Background & Summary

Soybean [Glycine max (L.) Merr.], considered as the source of high-quality sugar, protein, and oil, is one of the most important crops worldwide1. Soybean aphid (SBA), Aphis glycines Matsumura (Hemiptera: Aphididae) and soybean cyst nematode (SCN), Heterodera glycines Ichinohe (Tylenchida: Heteroderidae) are the two most economically important pests of soybean in the Midwestern United States2,3. Soybean aphid, an aboveground herbivore (pest), feeds on phloem sap whereas SCN, a belowground pest, infests the soybean roots. These infestations can co-occur and amplify further reduction in soybean yield4,5. In the United States, annual economic losses due to the SBA and SCN have been estimated to be approximately $4 billion and $1.3 billion, respectively6,7,8. To counteract these devastating pests, farmers rely on various management strategies that include host plant resistance and chemical measures9,10,11. For SBA, dependency on the use of chemical management has resulted in pyrethroid resistance in SBA populations in Iowa, Minnesota, North Dakota and South Dakota as well as the impacts on non-target beneficial organisms12,13. In addition, the long-term use of SCN resistance has resulted in SCN populations that are capable of overcoming the resistance genes (i.e., HG types)14. Although host plant resistance has not been implemented on a large scale for SBA management, multiple virulent SBA biotypes have been discovered in the U.S. Virulent SBA biotypes and SCN races threaten the sustainability of host plant resistance for these two pests14,15,16,17. Thus, genetic data generated from greenhouse experiments on the effects of SBA and SCN on soybean cultivars are of tremendous importance for unraveling resistance genes and regulatory networks that can potentially be used for developing durable resistance in soybean to both pests.

Although above- and below- ground herbivores are spatially segregated, they both share the host plant through systemic tissues and are able to influence each other18. Previously, the influence of SCN on soybean aphid infestation or vice versa has been studied on soybean using demographic datasets4,5,19,20,21. McCarville, et al.4 conducted experiments on various soybean cultivars [SCN susceptible (DK 28–52, IA 3018, IA 3041) and SCN resistant (DK 27–52, AG 2821 V, IA 3028)] to understand the effect of SBA, SCN, and fungus Cadophora gregata (Allington & Chamberlain) Harrington & McNew on soybean.

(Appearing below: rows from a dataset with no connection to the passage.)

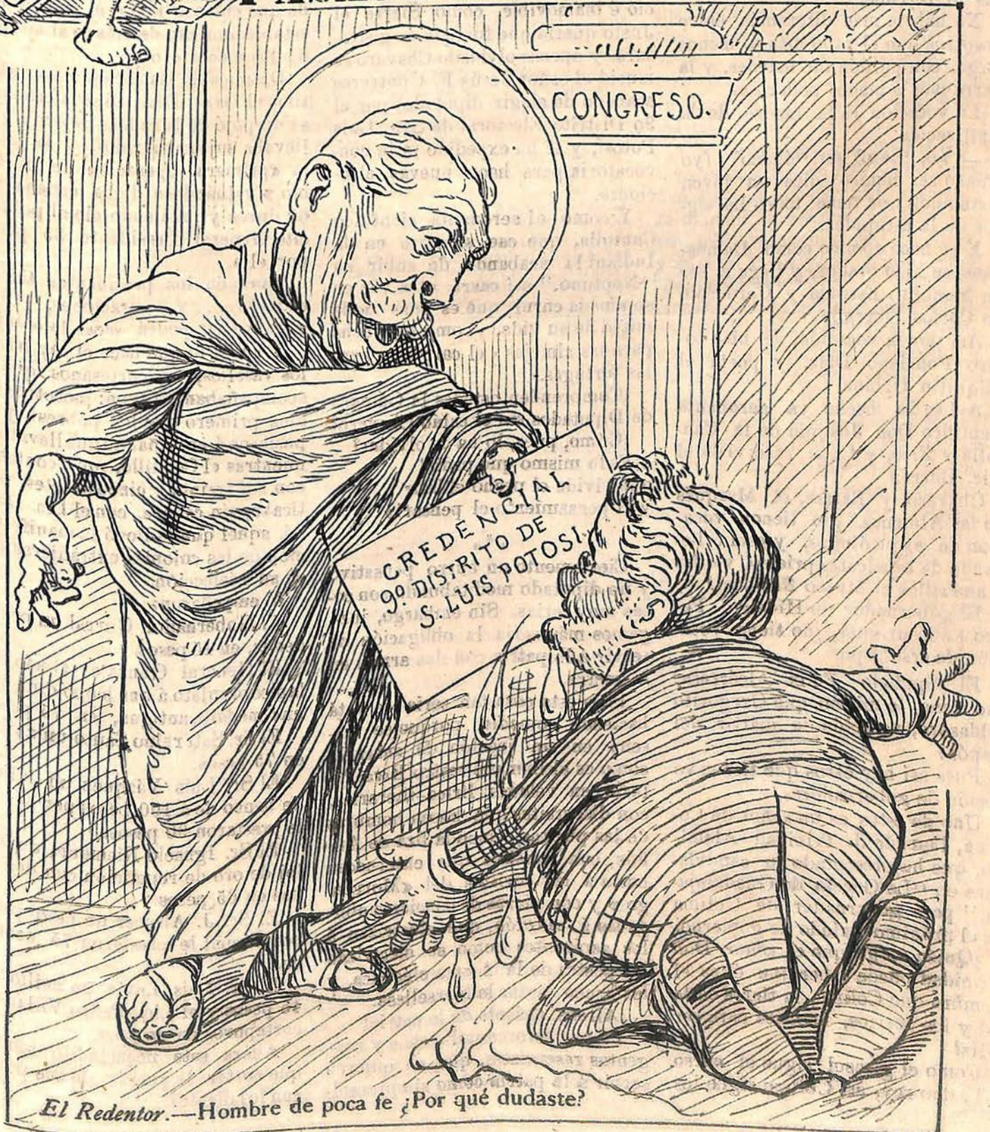
El Redentor.—Hombre de poca fe ¿Por qué dudaste?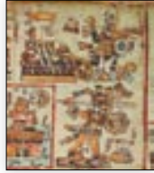
El señor 13 Águila ataca el señorío de Tlaxiaco. Códice Bodley , p. 28.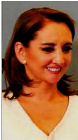
Claudia Ruiz Massieu.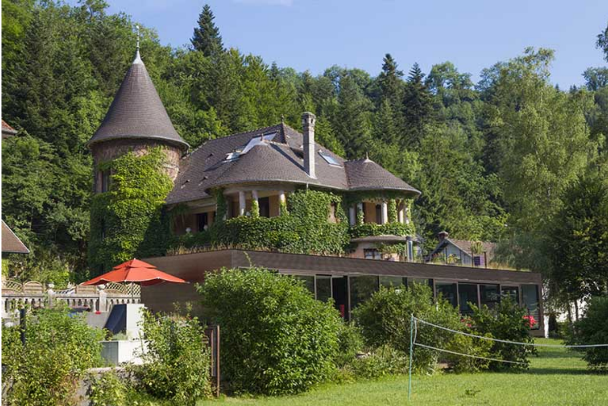
Logement patronal de 1931 : façades postérieure et latérale droite.

25, Vaucluse, lieudit : le Moulin du Milieu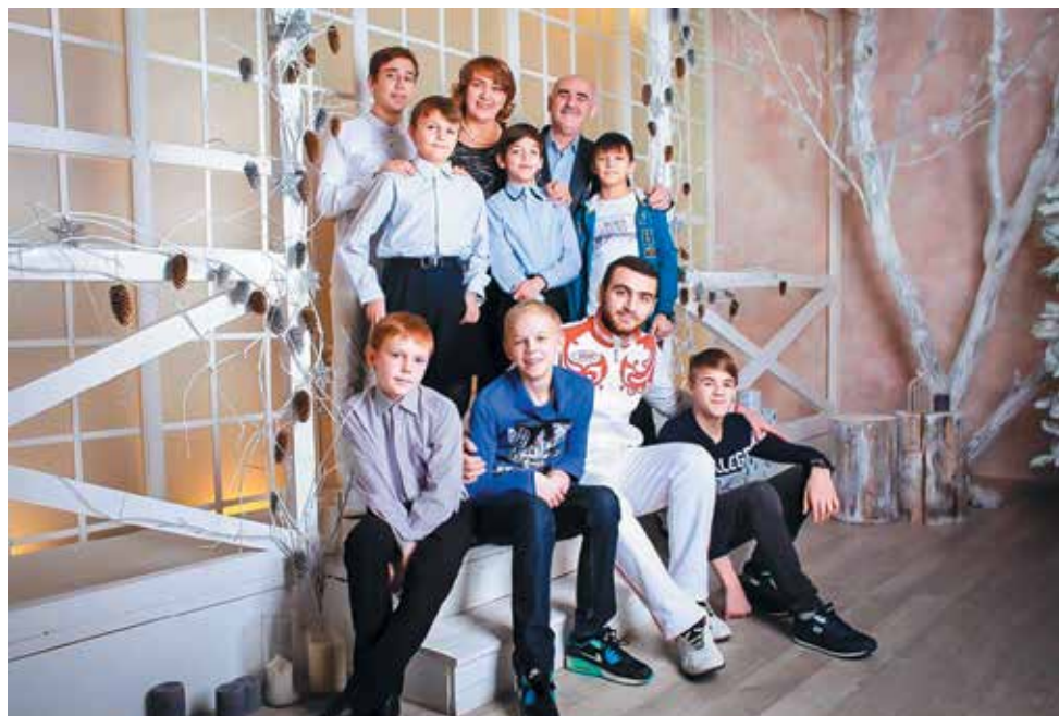
Семья Мехралиевых.

Традиций в нашей семье предостаточно, и нет препятствий для появления новых. И правда, зачем себя ограничивать в том, что приносит радость и пользу? Наша семейная традиция – проведение отпуска сразу всей семьёй. Любые праздники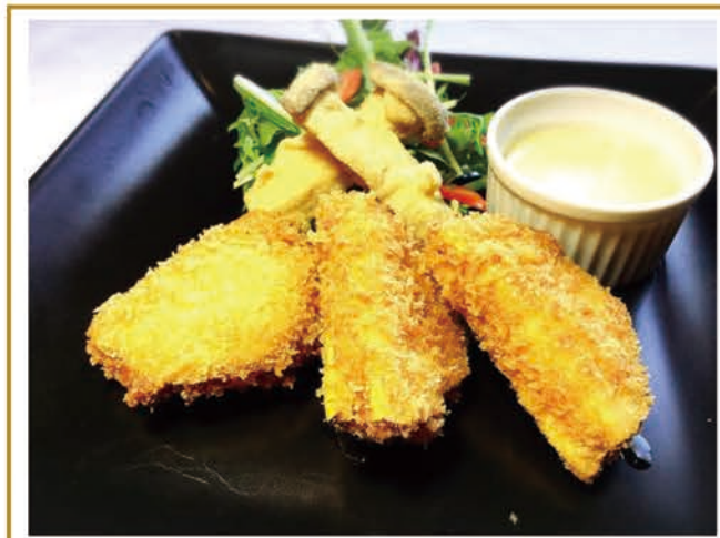
さつまいもとスモークチーズのフライ エリンギフリット添え ¥650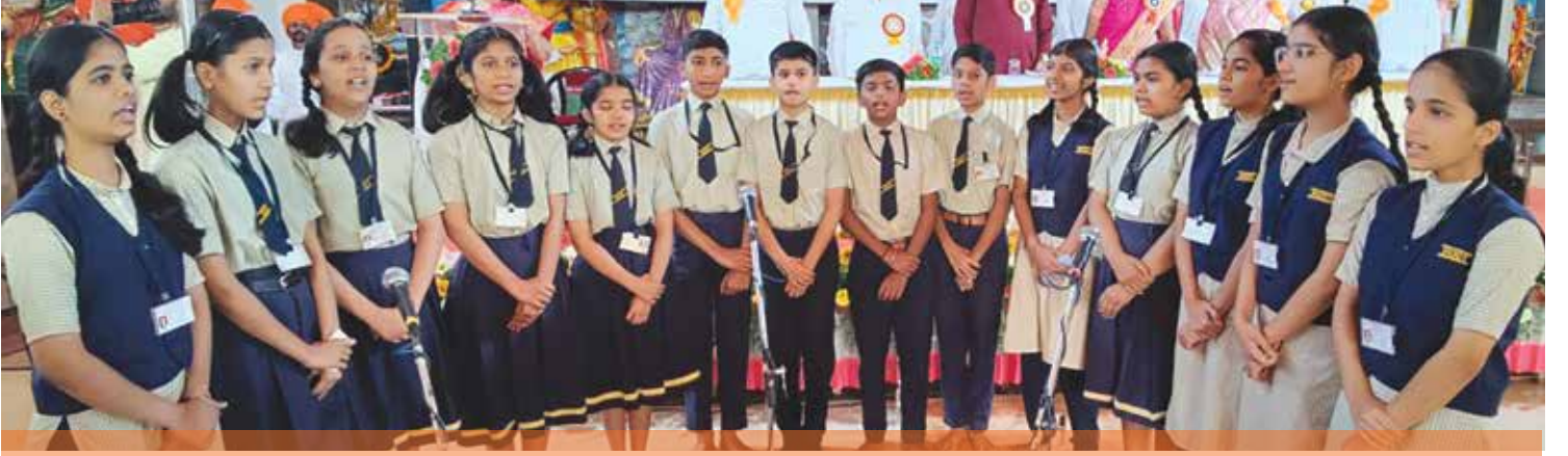
महाराष्ट्र राज्यगीत गाताना इंग्रजी माध्यमाच्या शाळेतील विद्यार्थी

या संशोधनात निघालेला महत्वाचा निष्कर्ष म्हणजे मातेच्या कुपोषणामुळे गर्भात असताना गर्भाचे होणारे चुकीचे (फेटल) प्रोग्रॅमिंग आणि त्यामुळे भविष्यात उद्भवणारे मधुमेहासारखे गंभीर आजार. यावर मात करण्यासाठी पौष्टिक लाडूंबरोबरच मैद्याचा वापर न करता तयार करण्यात आलेली 'मॉर्निंग मिस्ट' ही कॅल्शियम आणि प्रोटीन्सयुक्त बिस्किटे रुग्णालयाने उपलब्ध करून दिली आहेत. यासाठी अनेक संस्था आणि व्यक्तींनी खूप मदत केली आहे.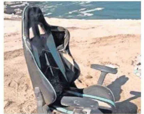
LA PRESENCIA DE BASURA Y DESECHOS EN LA PORTADA.

concreta. Lo complejo de la situación, es que en este sector y lugares aledaños, habitan gran variedad de aves como pelicanos y gaviotas, sumado a la presencia de animales que actualmente están en peligro de extinción, como lo l pingüino de Humboldt y chungungos.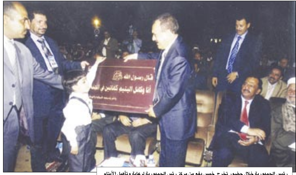
رئيس الجمهورية خلال حضور تخرج خمس دفع من مركز ريش الجمهورية لرعاية وتأهيل الأيتام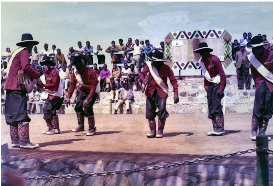
Gun Boots dance nelle miniere d'oro

Questo processo e' avvenuto senza spargimento di sangue. Mandela fu l'artefice di questo cambiamento drammatico, dopo che si era fatto ben 27 anni di prigionia a Robin Island.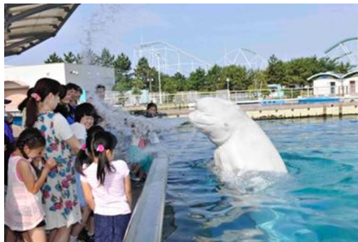
シロイルカの水吹き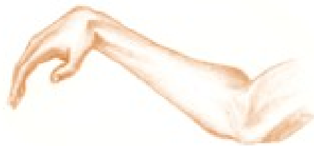
Slika 4 ( Viseća šaka kod pareze nervusa radialisa)

Nervus radialis je najveći živac u ruci i često je ozlijeđen nakon prijeloma, kod korištenja potpazušnih štaka ili dugotrajne kompresije prilikom operativnih zahvata ili sna pod utjecajem alkohola ili droge („paraliza subotnje večeri“). Motorički inervira supinatore podlaktice, ekstenzore podlaktice, šake i prstiju, a senzorno dorzalnu stranu šake i podlaktice te dorzalnu stranu prva dva prsta i radijalnu stranu trećeg. Kod gornjeg oštećenja u aksilarnoj jami dolazi do pareze svih ekstenzora ruke i supinatora podlaktice. Kod srednjeg oštećenja moguća je ekstenzija u laktu, ali ne i u ručnom zglobu i prstima dok je kod donjeg oštećenja oštećena abdukcija palca i ekstenzija prstiju u metacarpophalangealnim zglobovima. Najčešći simptom ovog oboljenja je viseća šaka (Slika 4). U fizikalnom pregledu vidi se, ovisno o razini lezije, slabost ekstenzije i supinacije podlaktice, slabost ekstenzije šake i prstiju te abdukcije palca. Također su mogući osjetni ispadi u području inervacije nervusa radialisa.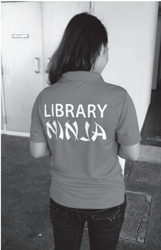
NTU:n kirjastossa palvelivat kirjastotätien lisäksi kirjastoninjat

teknologinen muutos ja sen aiheuttamat yhteiskunnalliset muutokset: häviääkö yleinen kirjastolaitos e-kirjojen tulon myötä, häviääkö teollisuus 3D-tulostuksen myötä, häviääkö painettu kirja ja lehti vai onko tulevaisuus monien rinnakkaisten medioiden ja teknologioiden suo, jossa yksittäisen ihmisen ja kirjaston on löydettävä oma polkunsaa?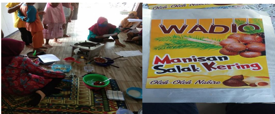
Gambar 5. Foto Pelaksanaan Pembuatan Manisan Salak dan Kemasannya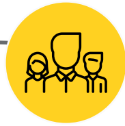
TIPPS & TRICKS B2C

Domschatzkammer Elisenbrunnen Rathaus Dom etc.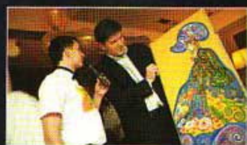
«Венеция» в гостях у «Фортуны»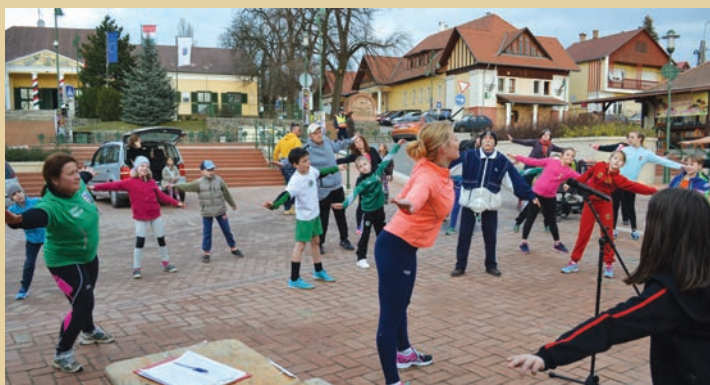
Bemelegítés nélkül nincs futás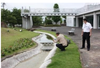
▲外に出て実際に撮影してみます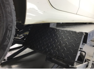
Marşbiyel, sağ, Marşbiyel, sağ > Ezik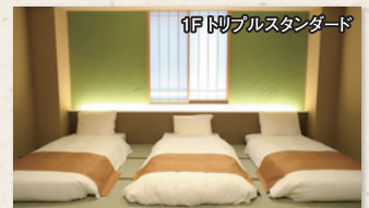
1F トリプルスタンダード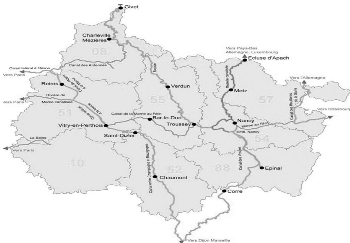
Carte du réseau de voies navigables en Grand-Est

Idéalement situé au carrefour fluvial entre la Moselle, le Canal des Vosges et le Canal de la Marne au Rhin, le port de Nancy Saint Georges était auparavant dédié à l'accueil des marchandises amenées par les péniches et autres activités de fret.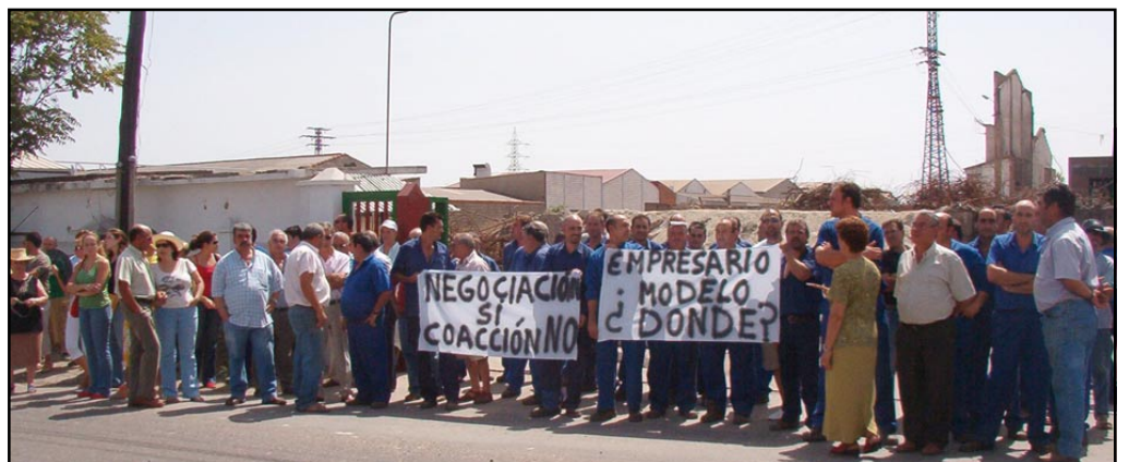
Concentración de protesta de los antiguos trabajadores de Transidesa.

Mientras tanto la situación de los trabajadores fue de mal en peor. Primero estuvieron jellos mismos! tirando la fundición. Cuando ya no hubo más cosas que destruir se les «invitó» a trasladar su puesto de trabajo a Jerez, a lo que la mayoría se negaron. Después de la firma del acuerdo 26 de septiembre de 2006, hubo una regularización de empleo y prácticamente todos empezaron a cobrar la prestación por desempleo. Evidentemente, algunos de ellos tenían derecho al máximo legal de desempleo (dos años) pero otros han tenido que buscarse la vida después de agotar su derecho a paro. El resto (prácticamente la mitad) han acabado tirando la toalla reciente-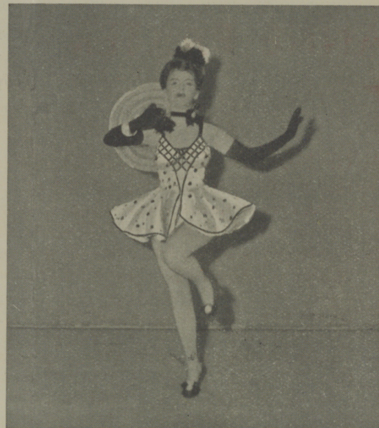
Vivian Blaine, sensacional nueva estrella de la 20th Century-Fox, y que desempeña el principal role femenino en "Nob Hill".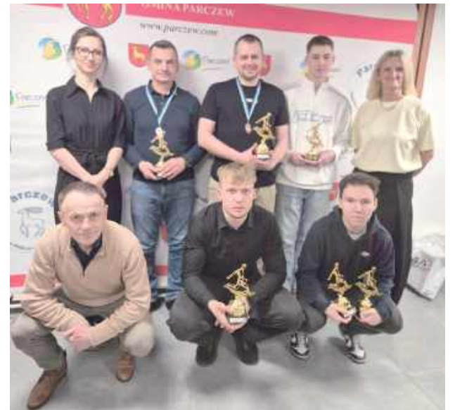
Wyróżnieni gracze zmagani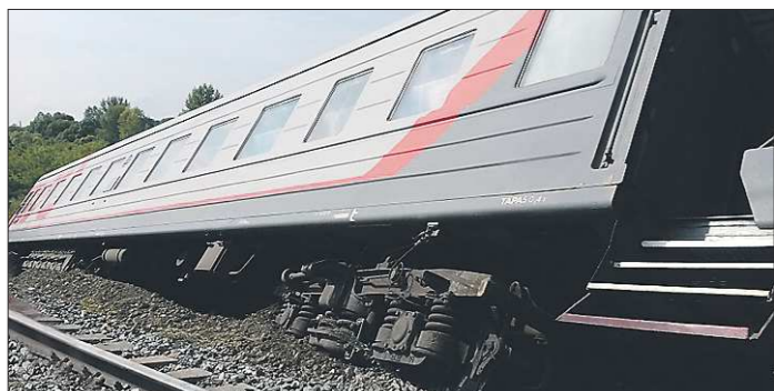
Четыре вагона поезда «Екатеринбург — Адлер» из пятнадцати сошли с рельсов в Мордовии

Their study showed 5.24 times increase in SCN reproduction in the presence of soybean aphid and the fungus. In contrast, the aphid population decreased by 26.4% in the presence of SCN and C. gregata and the aphid exposure reduced by 19.8% in SCN resistant cultivars. Later, McCarville, et al.5 demonstrated the relationship between the aboveground feeding of soybean aphid and belowground reproduction of SCN in the SCN resistant Dekalb 27–52 (PI 88788 derived) cultivar, and SCN susceptible Kenwood 94 cultivar. In 30 days, both SCN eggs and the number of females increased by 33% in SCN-resistant cultivar and reduced by 50% in the SCN-susceptible cultivar. In 60 days, the number of SCN eggs and female count remained unaffected in the resistant cultivar but decreased in the susceptible cultivar. The authors concluded that soybean aphid feeding improved the quality of soybean as a host for SCN but this result was varied significantly with the cultivar and length of the experiment. Apart from these demographic studies, molecular characterization of SBA-SCN-soybean interaction has not been reported previously.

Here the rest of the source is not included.